The baby raven screams across the river. Of course, they are here. And breeding. They are probably expanding their range now, delighted at the fallen meat.

And signs of others — the wolf tracks pressed into mud, river willows torn by moose. That’s the thought that brings a feeling closest to joy. When I drop from skinniness or the Remington, they will be it.

These bees and dragonflies and fucking mosquitoes and beetles, beetles, beetles. The few large mammals adapted to deep Interior cold and the ability to survive on a bushel of frozen twigs each dark day. The smart ones, the insects, who wait out years in suspended animation, to spring up when conditions are better.
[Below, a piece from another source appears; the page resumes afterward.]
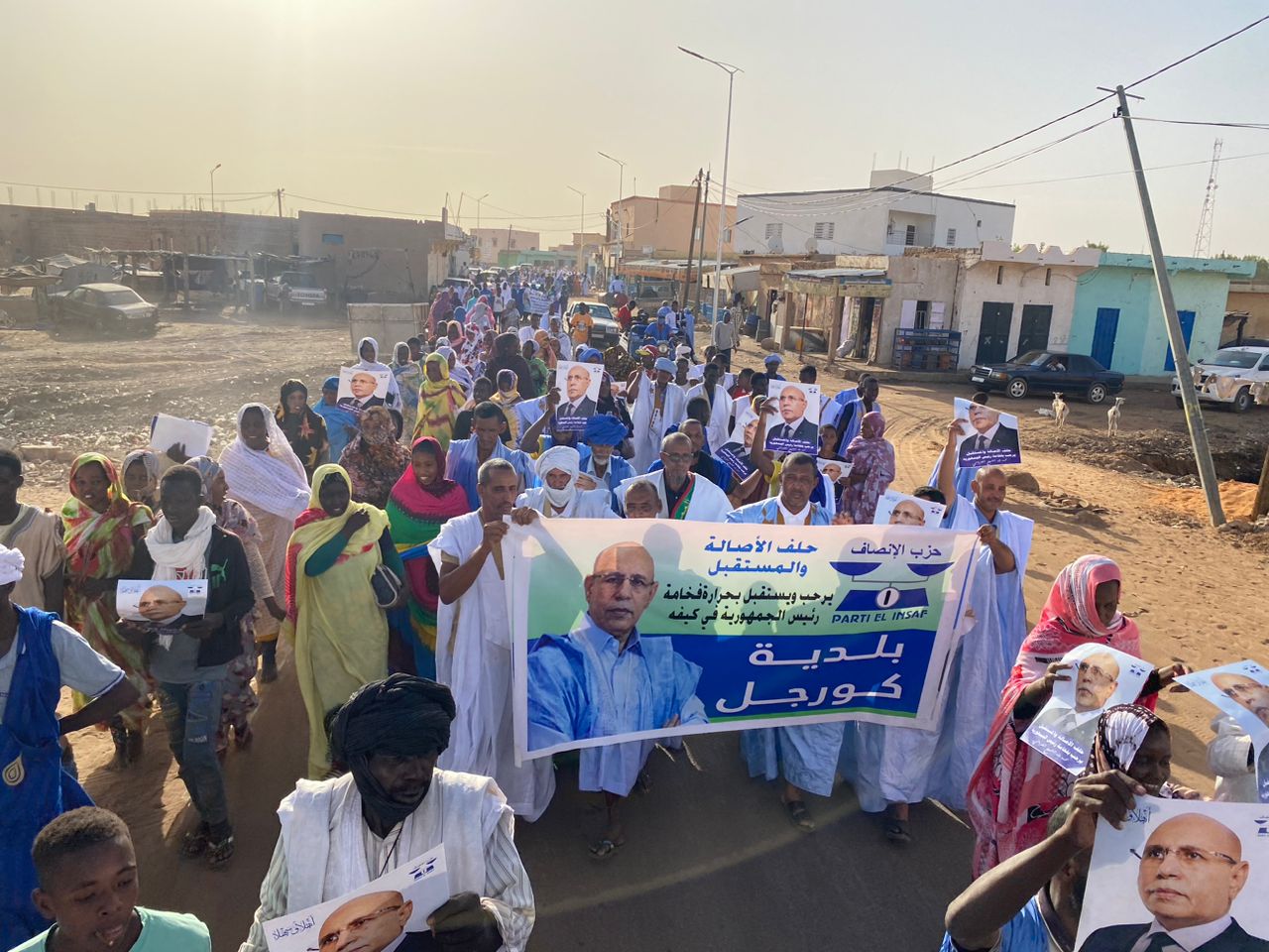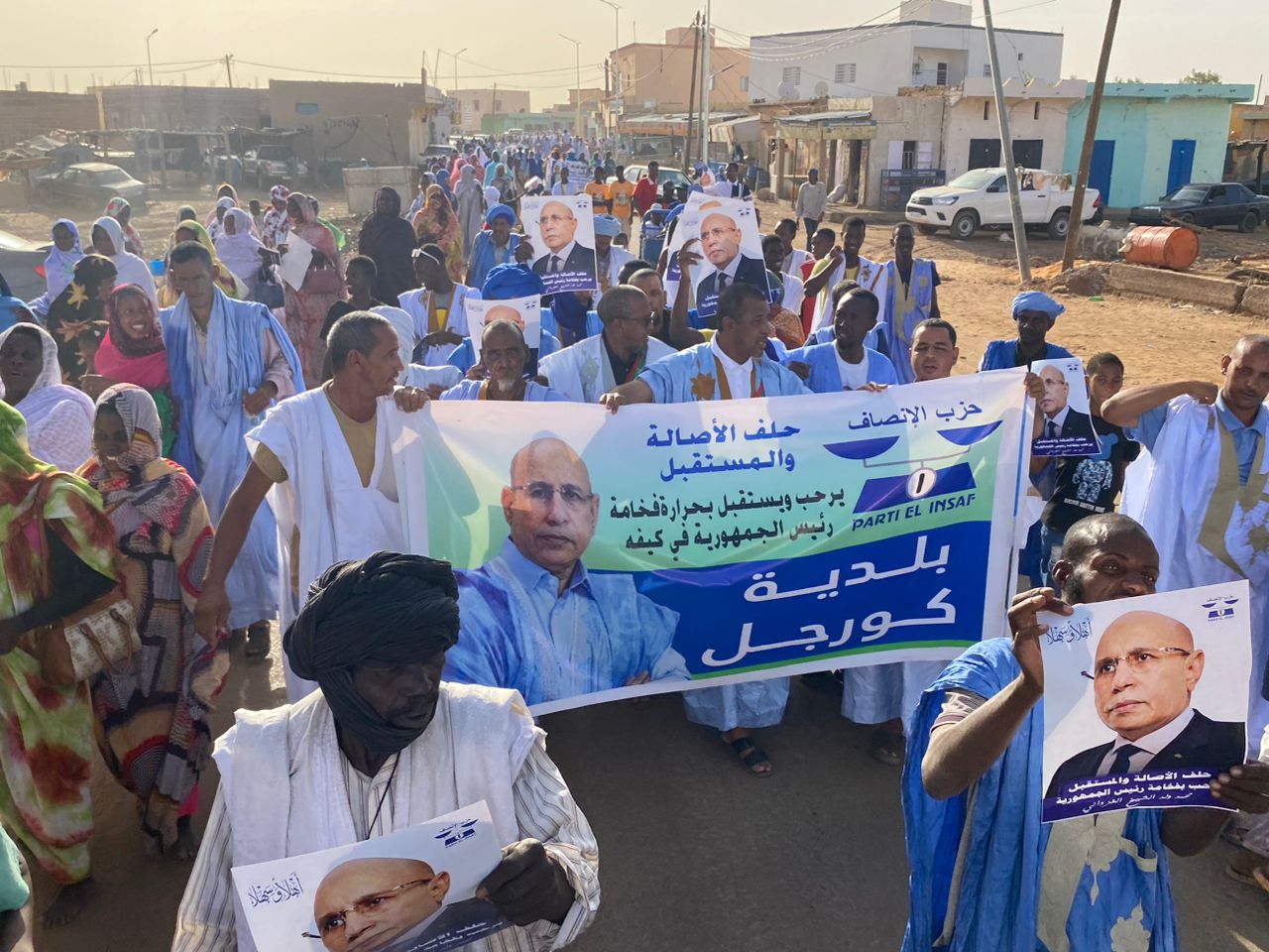 جماهير حزب الانصاف في بلدية كورجل رفعت الشعارات المرحبة بزيارة الرئيس محمد ولد الشيخ الغزواني والمطالبة بإنتخابه لمأمورية ثانية من أجل استمرار نسيرة البناء والتنمية,

It’s poetic that Earth’s renewal after shedding its most destructive species will start when I end here. Jimmy Carter knew. Idiots gave him so much shit for the truisms he had the balls to speak. No. 1 — A man wants to fuck every woman he sees. Two — There’s value we can’t fathom in wilderness, so while I’ve got the keys I’m park-ifying Alaska. Deal with it.

So, Jimmy, you were, in the end, right. It doesn’t make any difference now, with me alone here on the Yukon. I’ve got my death sentence, as I guess I always had, and will finally get to try the subsistence lifestyle.

But there’s a reason the Han were nomadic, and I don’t have their skills. The moose flies of summer will have my flesh to slice, and maybe a slam-dunk caribou will fall to the shotgun. But the subarctic winter is not designed for a creature adapted to the tropics. There will be no more milk from Washington cows or avocados from California. Maybe I can use the seed stock from that kid’s greenhouse at Coal Creek if I make it another summer. But I should have acquired some of those skills — gardening, stalking animals — I so admired.

However long it takes, this will be a fitting place to breath the last of this air free of man vapors. If given the choice in that former world, I might have chosen to have the ravens pick my carcass clean here, on the grassy bluff in front of Slaven’s, near the birch trees in love, wrapping themselves around one another as if they are afraid to let go.